Summarizer

Subagent Architecture Benefits

Discussion of spawning subprocesses for work-oriented calls that don't pollute parent context, returning only summarized results to main thread

← Back to MCP server that reduces Claude Code context consumption by 98%

The subagent architecture focuses on preserving the "gold" of the main context window by isolating data-heavy tasks, such as tool calls and extensive log outputs, into independent subprocesses. Users advocate for returning only distilled summaries to the main thread—often covering the final answer, methodology, and lessons learned—so the primary model can reach conclusions without wading through raw data bloat. While this approach significantly enhances reasoning quality and enables better parallelization, some contributors caution that it may introduce a "slowdown penalty" for simple tasks like linting that might be faster to handle directly. Ultimately, the consensus highlights a shift toward "context purity," where sophisticated subagent routing and even small local models are used to filter information before it ever reaches the more expensive parent LLM.

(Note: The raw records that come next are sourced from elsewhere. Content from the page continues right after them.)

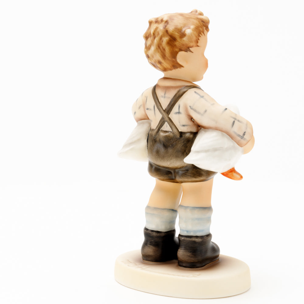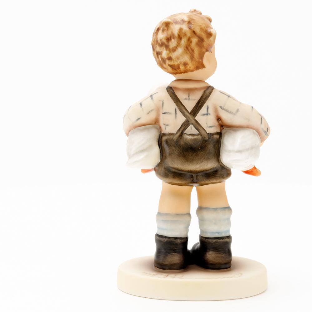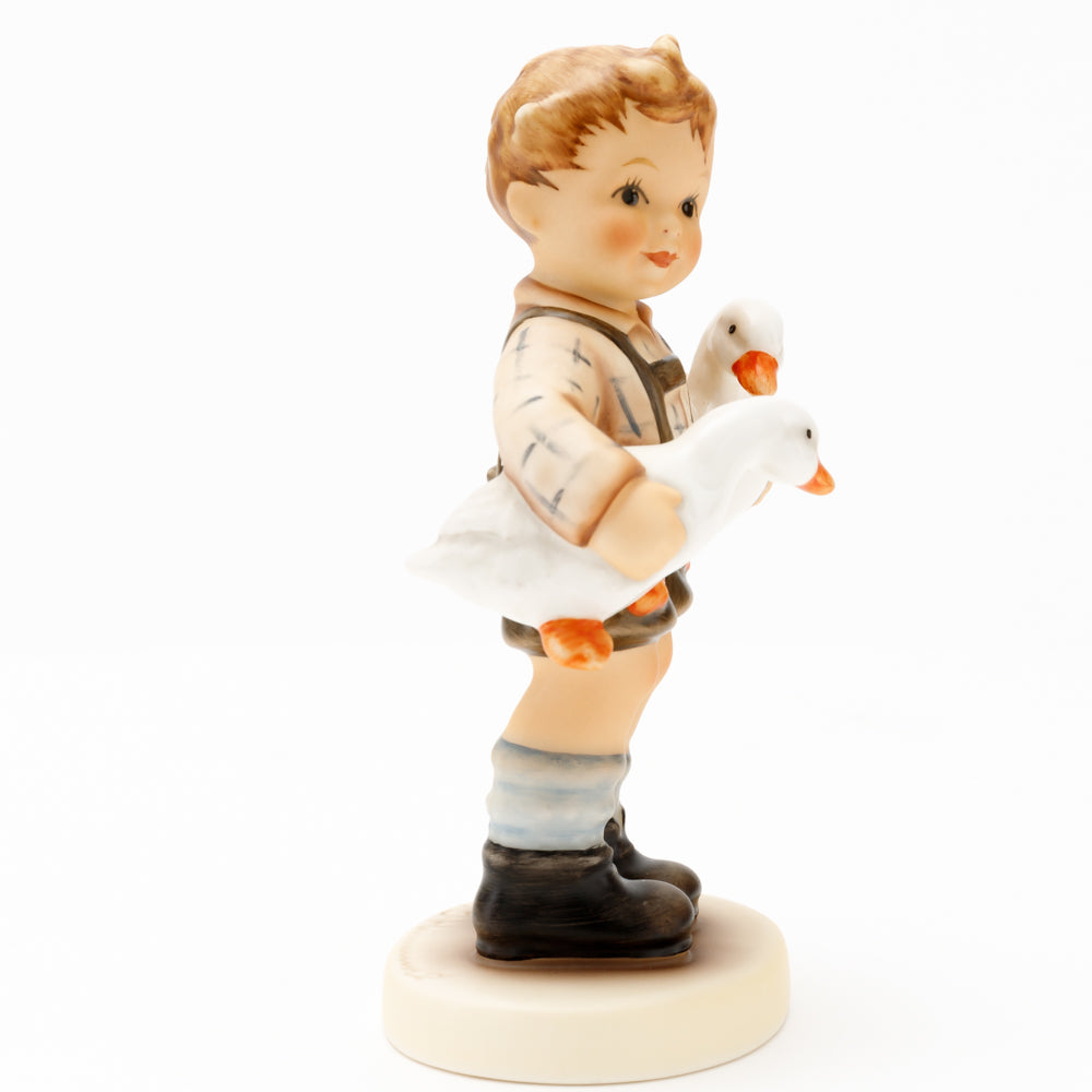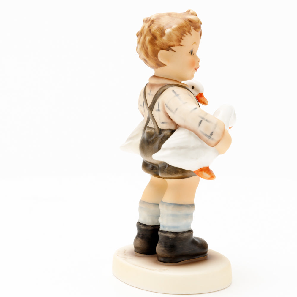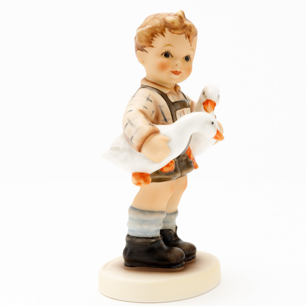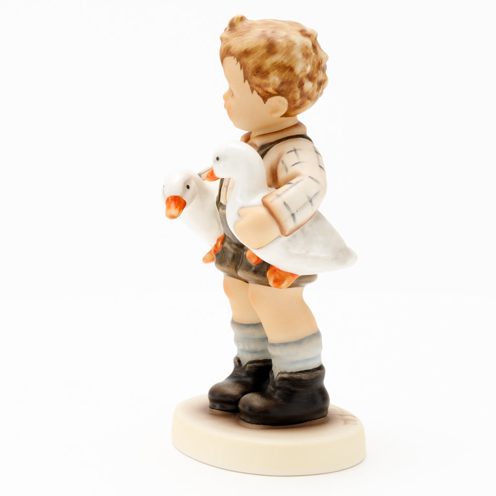 Diese original handgefertigte Hummel-Figur ist nicht nur zu den Osterfeiertagen eine Augenweide! Der "Entenbub" (HUM 2394) besticht auf den ersten Blick durch die in besonderem Glanz gefertigten Entlein. Eine weitere besondere, aber dennoch traditionelle Eigenschaft der von Marion Huschka modellierten Figur ist die Tatsache, dass die Hummel-Figur typisch bayerische Lederhosen trägt. Somit zeigt der Hummel-Junge die Verbundenheit zu seiner aus Bayern stammenden Schöpferin Maria Innocentia Hummel. Die bessere Hälfte der Hummel-Figur findet man in der Figur "Entenmadl" (HUM 2393). Auch diese ist in der typisch traditionellen Hummel-Optik gehalten. Denn der Hummel Manufaktur aus dem oberfränkischen Rödental ist es seit über 80 Jahren eine Herzensangelegenheit, durch einzigartige Handwerkskunst herauszuragen. Demnach werden diese wertvollen Keramikfiguren mit reinster Präzision erschaffen.
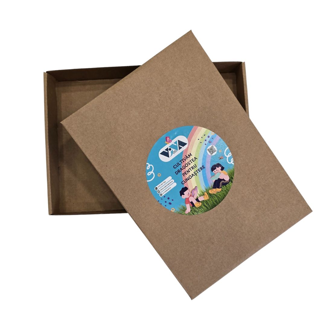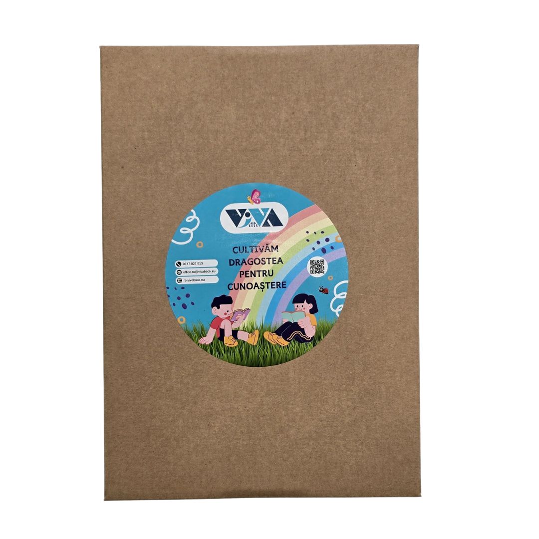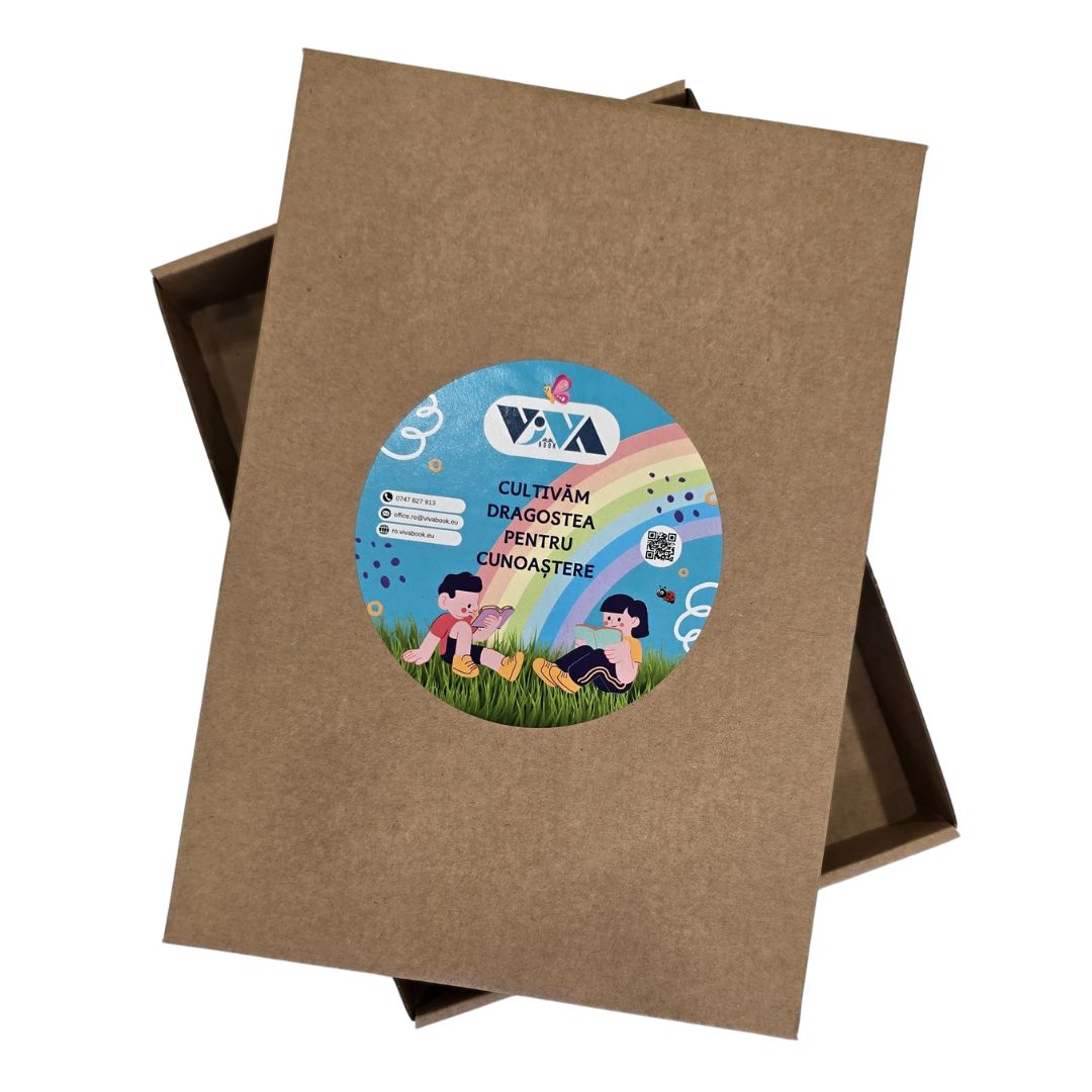 „Cutia cadou Vivabook A5” este aleasă special pentru colecțiile și seturile noastre pentru copii, iar eticheta branduită Vivabook îi oferă un aspect complet și festiv – gata de dăruit, fără ambalaj suplimentar.
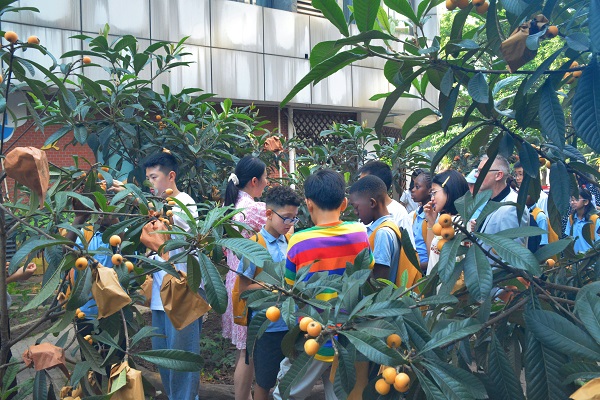 英国师生首先走进校园农场,在康恒师生引导下参观枇杷、四季豆、向日葵等种植区,亲手采摘果实并品尝,直观感受学校“劳动教育”实践成果。随后在“阳光大课间”活动中,康恒学子以整齐的韵律操、武术操展现校园活力,英国学生热情加入“丢手绢”等传统游戏,与中国伙伴互动协作,操场上笑声此起彼伏。
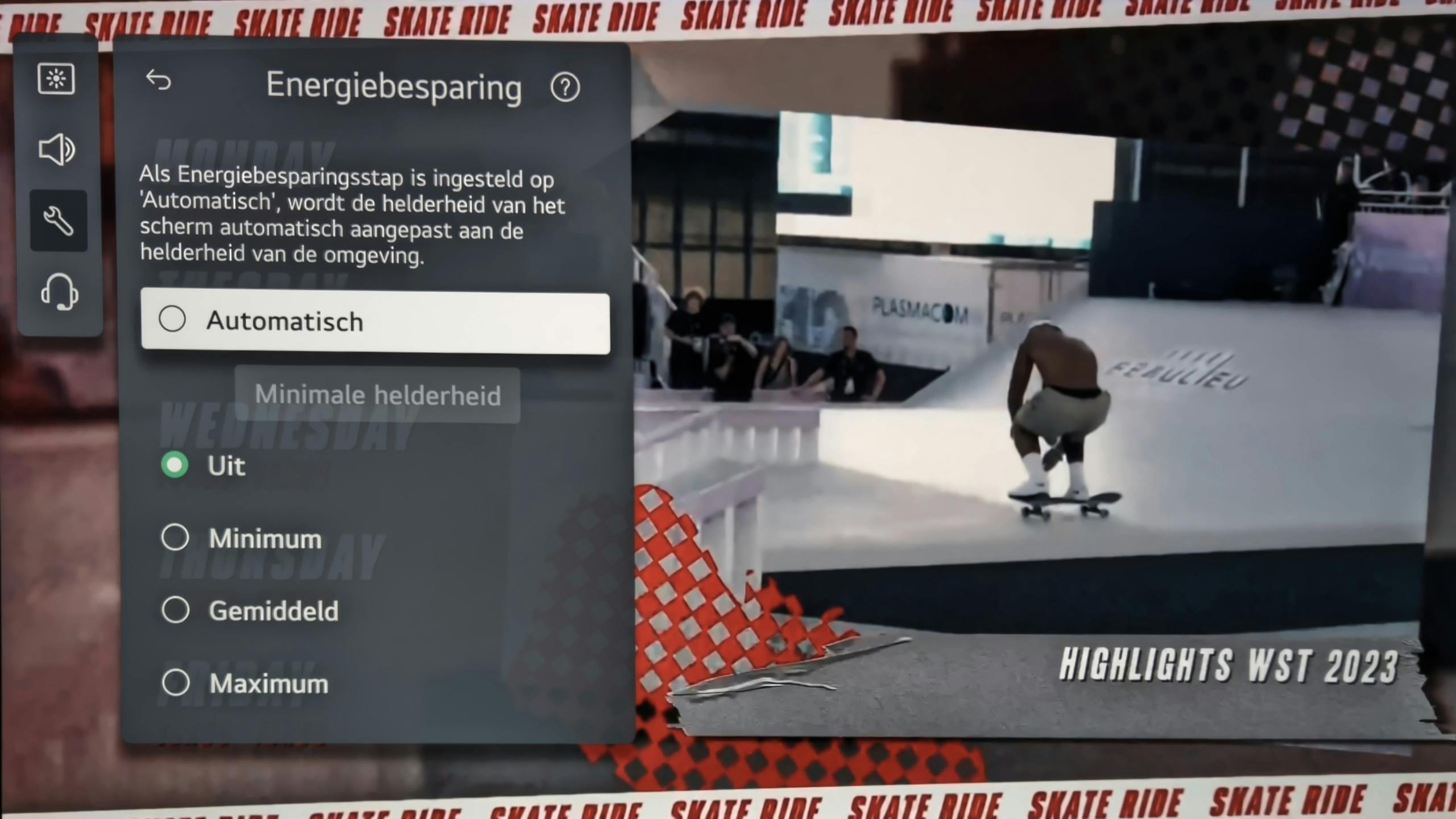 Kijk je soms bij veel omgevingslicht en soms bij weinig, dan is het handig om de lichtsensor te activeren. Die past dan automatisch de helderheid aan op basis van het omgevingslicht. Bij LG vind je deze in het menu onder Algemeen / Energiebesparing. Kies als energiebesparingsstap Automatisch om de lichtsensor te gebruiken. Bij Sony ga je naar Beeld / Ambient Optimalization terwijl je bij Philips naar Beeld / Optimalisatie Lichtniveau gaat. Heb je een televisie van Samsung? Dan vind je de lichtsensor onder Instellingen / Algemeen en privacy / Aan/uit en spaarstand / Helderheidsoptimalisatie. Bij Panasonic ga je naar Beeld / Omgevingssensor terwijl je bij Hisense naar Beeld / Achtergrondverlichting / Lichtsensor gaat. Tot slot is er nog TCL waar je naar Weergave en Geluid / Intelligente instellingen / Intelligente helderheid gaat.
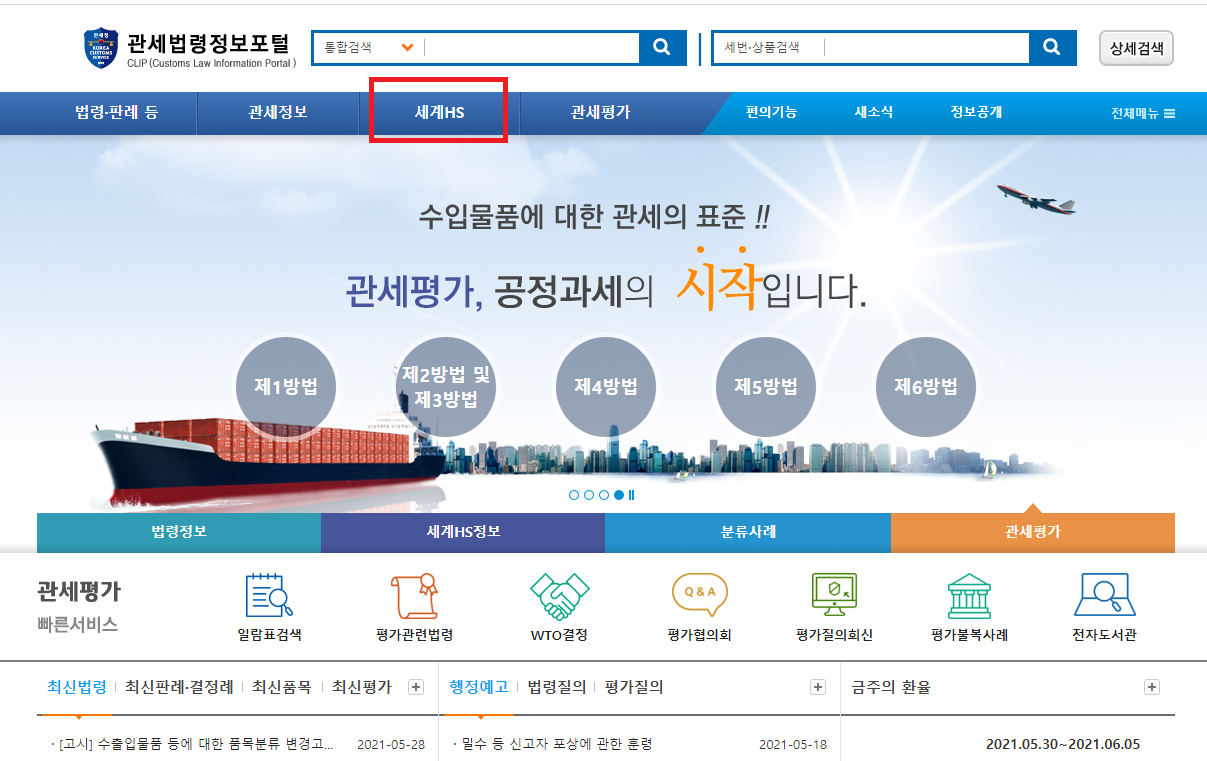 HS코드는 관세청 공식 사이트인 관세법령정보포털에서 확인할 수 있습니다.

9 comments tagged with this topic

View on HN · Topics
Author here. I shared the GitHub repo a few days ago ( https://news.ycombinator.com/item?id=47148025 ) and got great feedback. This is the writeup explaining the architecture. The core idea: every MCP tool call dumps raw data into your 200K context window. Context Mode spawns isolated subprocesses — only stdout enters context. No LLM calls, purely algorithmic: SQLite FTS5 with BM25 ranking and Porter stemming. Since the last post we've seen 228 stars and some real-world usage data. The biggest surprise was how much subagent routing matters — auto-upgrading Bash subagents to general-purpose so they can use batch_execute instead of flooding context with raw output. Source: https://github.com/mksglu/claude-context-mode Happy to answer any architecture questions.
View on HN · Topics
I think telling it to run those in a subagent should accomplish the same thing and ensure only the answer makes it to the main context. Otherwise you will still have some bloat from reading the exact output, although in some cases that could be good if you’re debugging or something
View on HN · Topics
Not really because it reliably greps or searches the file for relevant info. So far I haven't seen it ever load the whole file. It might be more efficient for the main thread to have a subagent do it but probably at a significant slowdown penalty when all I'm doing is linting or running tests. So this is probably a judgement call depending on the situation.
View on HN · Topics
i think something kinda easy for that could be to pretend that pruned output was actually done by a subagent. copy the detailed logs out, and replace it with a compacted summary.
View on HN · Topics
Maybe the right answer is “why not both”, but subagents can also be used for that problem. That is, when something isn’t going as expected, fork a subagent to solve the problem and return with the answer. It’s interesting to imagine a single model deciding to wipe its own memory though, and roll back in time to a past version of itself (only, with the answer to a vexing problem)
View on HN · Topics
I do this with my agents. Basically, every "work" oriented call spawns a subprocess which does not add anything to the parent context window. When the subprocess completes the task, I ask it to 1) provide a complete answer, 2) provide a succinct explanation of how the answer was arrived at, 3) provide a succinct explanation of any attempts which did not work, and 4) Anything learned during the process which may be useful in the future. Then, I feed those 4 answers back to the parent as if they were magically arrived at. Another thing I do for managing context window is, any tool/MCP call has its output piped into a file. The LLM then can only read parts of the file and only add that to its context if it is sufficient. For example, execute some command that produces a lot of output and ultimately ends in "Success!", the LLM can just tail the last line to see if it succeeded. If it did, the rest of the output doesn't need to be read. if it fails, usually the failure message is at the end of the log. Something I'm working on now is having a smaller local model summarize the log output and feed that summarization to the more powerful LLM (because I can run my local model for ~free, but it is no where near as capable as the cloud models). I don't keep up with SOTA so I have no idea if what I'm doing is well known or not, but it works for me and my set up.
View on HN · Topics
Do you need 80+ tools in context? Even if reduced, why not use sub agents for areas of focus? Context is gold and the more you put into it unrelated to the problem at hand the worse your outcome is. Even if you don't hit the limit of the window. Would be like compressing data to read into a string limit rather than just chunking the data
View on HN · Topics
Thanks for this. I do most of my work in subagents for better parallelization. Is it possible to have it work there? Currently the stats say subagents didn't benefit from it.
View on HN · Topics
Does the skill run in a subagent, saving context?